Call his number directly, or your mother's (assuming both are still alive and together), or current partner's. Ask to speak to him. Call the police, etc.

Falsehoods are common to any comms regime.

@enkiv2 @freakazoid

@kick If the channel (or medium) is a narrow one, and _not_ given to interrogation or ready validation, then you've got a harder problem.

You may need to call on experts. And we _have_ those for extand documentation classes -- people who validate books, or paintings, or recordings, or photos, or videos. They look for signs of both authenticity and deception.

See Captain Disillusion. Or art provenance.

Not perfect. But pretty good.

@enkiv2 @freakazoid

@kick So back to "how would you prove..."

If you're operating in an edge case outside the ideals of the planned system, especially where the attacker prevents (or claims unavailable) reliable means of verification -- and controlling the flow of information is one of the oldest hacks in the book, see Sun Tzu "On the Use of Spies" -- then you're somewhat limited.

But you can try bypassing the suspect channel, or side-channel leaks through that, or testing for consistency.

@enkiv2 @freakazoid

@kick All of which would help you establish the truth of a claimed world-state.

Having to be constantly vigilant for such cases is _extremely_ tiring, based on my own experience.

We prefer operating in high-trust environments. Which itself is a likely adaptation -- if certain systems / experiences prove consistently low-trust, those with the option to do so will abandon them.

(Not all have that option.)

@enkiv2 @freakazoid

@dredmorbius @enkiv2 @freakazoid The "call directly" is a good technical solution, but I know someone personally who didn't think to do that when a _company_ called them, so I'm not sure how well that'd work assuming a _person_ (they were in perfect state of mind, just unaware that companies generally don't call you first and ask for PII).

Educating users is the most difficult social problem, especially educating them on things that they generally don't recognize as _aspects_ of the problem (like you pointed to when you mentioned the elderly calling things they don't understand "nonsense," for example).

As an example of technical users failing the basic "trust but verify," you can find a bunch of examples on HN of people saying things akin to "I use ProtonMail because they encrypt all of my e-mails!" which is easily disprovable (in the sense that they're intending, not in-transit encryption, which basically every modern provider has) just by sending a message to a non-ProtonMail box that doesn't have a key on keyservers and finding it completely readable.

@kick People are stupid, yes.

I knew someone, years ago, who spent a week mad at her boyfriend because she'd mis-dialed his number, got a woman on the other end, and jumped to the conclusion that he was cheating on her.

That's ... a difficult problem to engineer around.

But we might be able to avoid some larger-scale consequences. The Podesta Test comes to mind.

@enkiv2 @freakazoid

@dredmorbius @enkiv2 @freakazoid Cheater!

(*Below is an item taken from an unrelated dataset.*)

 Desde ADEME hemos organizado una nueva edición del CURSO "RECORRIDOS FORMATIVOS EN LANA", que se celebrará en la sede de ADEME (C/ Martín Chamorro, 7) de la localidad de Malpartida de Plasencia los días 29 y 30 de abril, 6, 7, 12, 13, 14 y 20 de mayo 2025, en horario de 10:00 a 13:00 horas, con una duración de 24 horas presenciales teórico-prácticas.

But yeah, a decent answer.

I do kind of worry about how fallible most WoT implementations are^1, but there definitely might be a way to do it, I’ll cede.

^1 Given that I as a random finance dork managed to reimplement the recent FastSpeech papers in ten days and get results decent enough to fool my SO when using it over a phone call (modern carriers started compressing call audio poorly when they internally moved to VOIP and the quality is pretty poor as a result), my confidence in what has previously been seen in a relatively decent way to verify (audio) has lessened slightly.

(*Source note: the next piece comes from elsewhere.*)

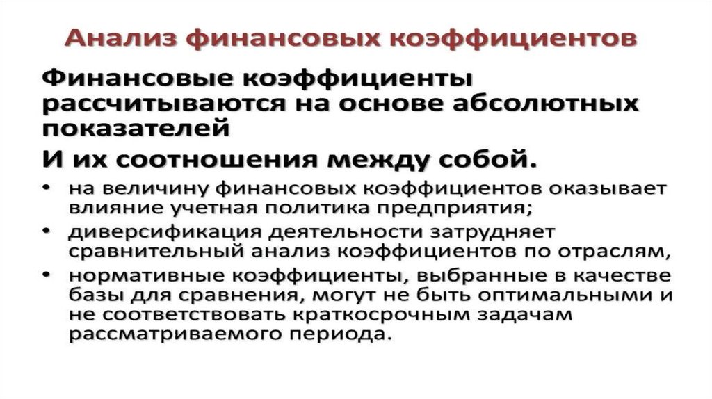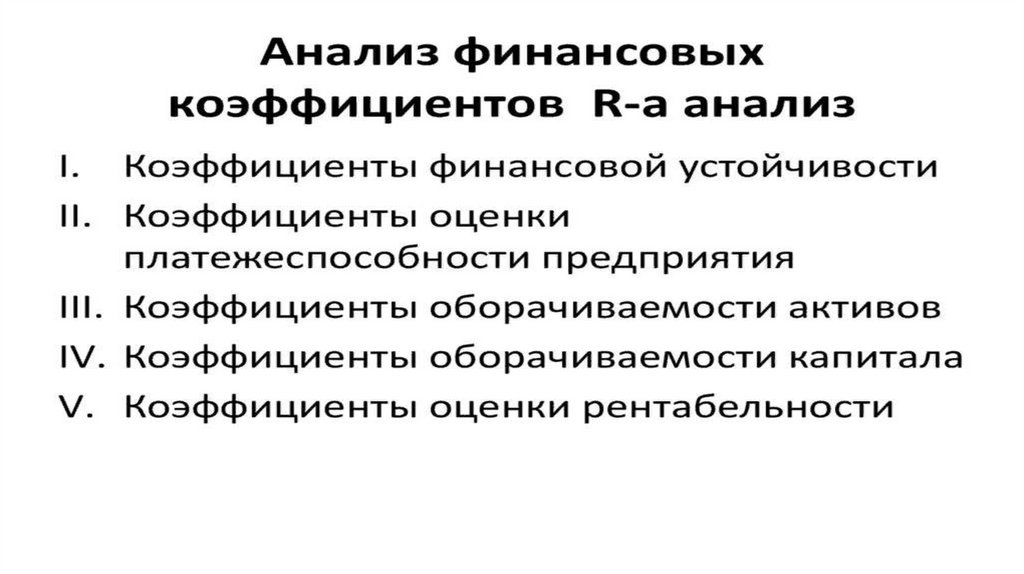 коэффициенты рентабельности; 4) коэффициенты платежеспособности
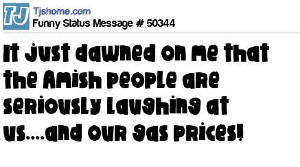 X it just dawned on me that the Amish people are seriously laughing at us....and our gas prices!

@kick I have been warning close friends and family members (some elderly and prone to dismiss technological threats and concerns as "nonsense" or "nothing I would want to use" or "beyond my understanding" or "but why would someone do that", v. frustrating) about DeepFakes and FastSpeech technologies.

I know that at least one has had faked-voice scam phone calls, though they realised this eventually. I'm predicting based in part on this, BTW.

@enkiv2 @freakazoid

@dredmorbius @kick @enkiv2 @freakazoid in infosec "trust" means "reliance" and isn't probabilistic. It's just a choice to give an entity the power to attack you. What's probabilistic and fallible is the possible benefits of that choice.

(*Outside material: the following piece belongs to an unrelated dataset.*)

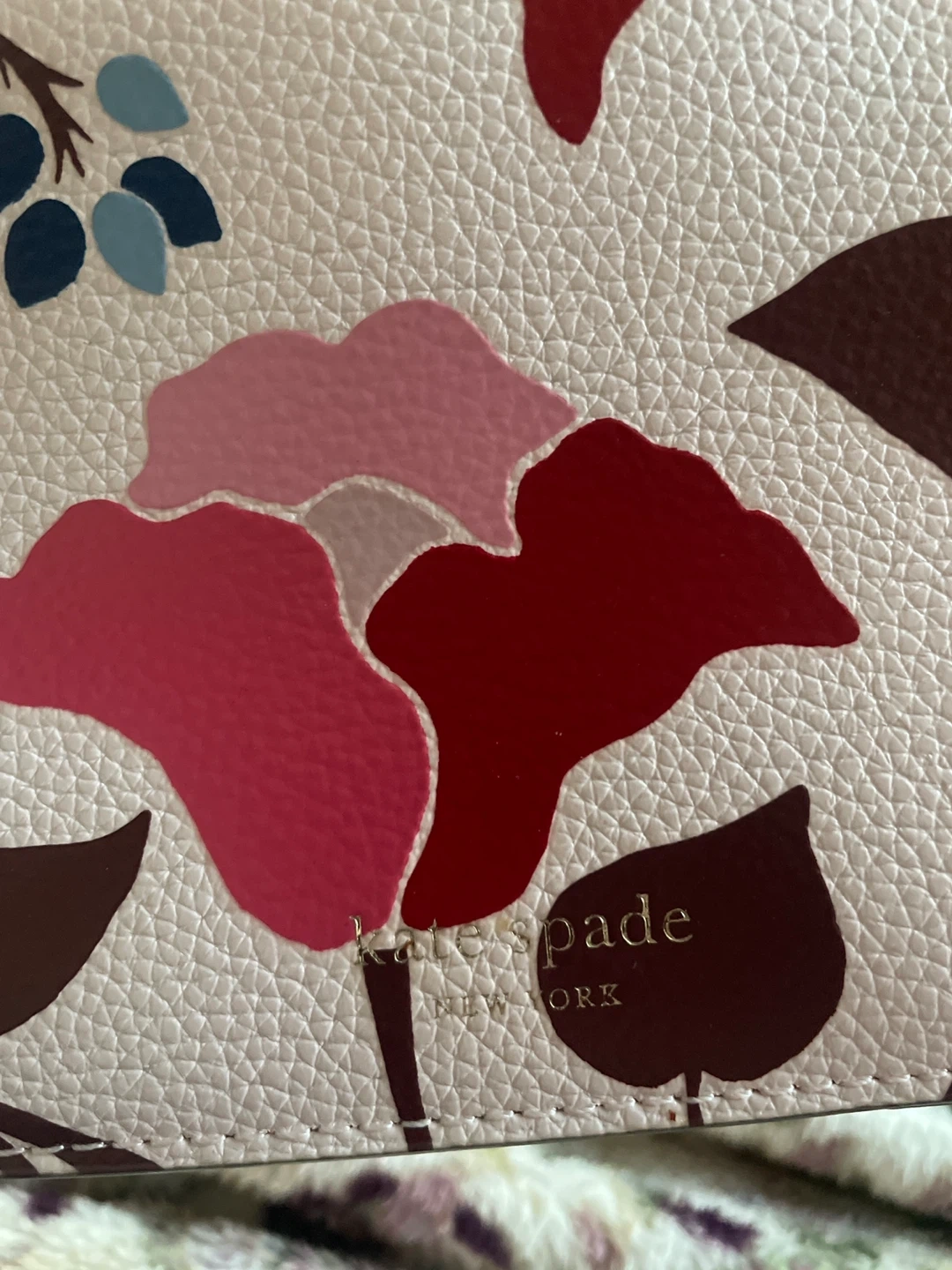 Selling a cute Kate Spade crossbody bag with a floral design! It's in great condition and perfect for carrying your essentials. Has a chain strap and a zip closure. Great for a gift!

@kragen As with most words, there's a range of meanings. I'll admit to having pulled "extension of belief beyond the limits of experience" out of my hat, so it's not entirely standard. And that's "trust as a state of knowledge".

There's also the notion of "to put one's trust in (someone|something)", which can mean a binary rather than probablistic committment. We also have provisional or total trust.

Trust me, it's complicated.

@kick @enkiv2 @freakazoid

@dredmorbius @kick @enkiv2 @freakazoid
Of course, one look at the state of computer security shows that for most cases (even very important ones) the social countermeasures are weaker than the technical ones. It's a lot easier to social engineer or rubber hose than to crack even a pretty weak password.

@enkiv2 Which is another way of saying that social engineering and rubber-hoses are low-cost search / goal-attainment paths.

@kick @freakazoid

@dredmorbius @enkiv2 @freakazoid IPv4 is completely human-readable if treated like phone numbers (though alternatively another way would be to map the available range of numbers to words, and autotranslate on the human end; humans can remember three words pretty easily). Kind of pushing it for English-speaking populations, though (English active-memory limit 7 things), I'll admit, but should be fine for the larger branches of the world that speak languages that can store more in active memory (e.g. cantonese at 10).

@dredmorbius @kick @enkiv2 @freakazoid
Search-as-identity is one solution, but I prefer petnames -- a decentralized identity system for decentralized networks. If somebody wants to find something globally it's fine to rely upon something strict but unmemorable, but finding stuff that's already resident on your box or that your direct connections are sharing ought to be a personal or community affair.

@enkiv2 SAI and petnames are two points in a space (not sure if 1D or n-dimensional).

Search utilises characteristics which may be internally-specified (content, transforms) or extenal (metadata, assigned identifiers).

Petnames are locally-assigned non-global identifiers. They may be _shared_ among some group, but they're localised, folksonomic, nonauthoritative.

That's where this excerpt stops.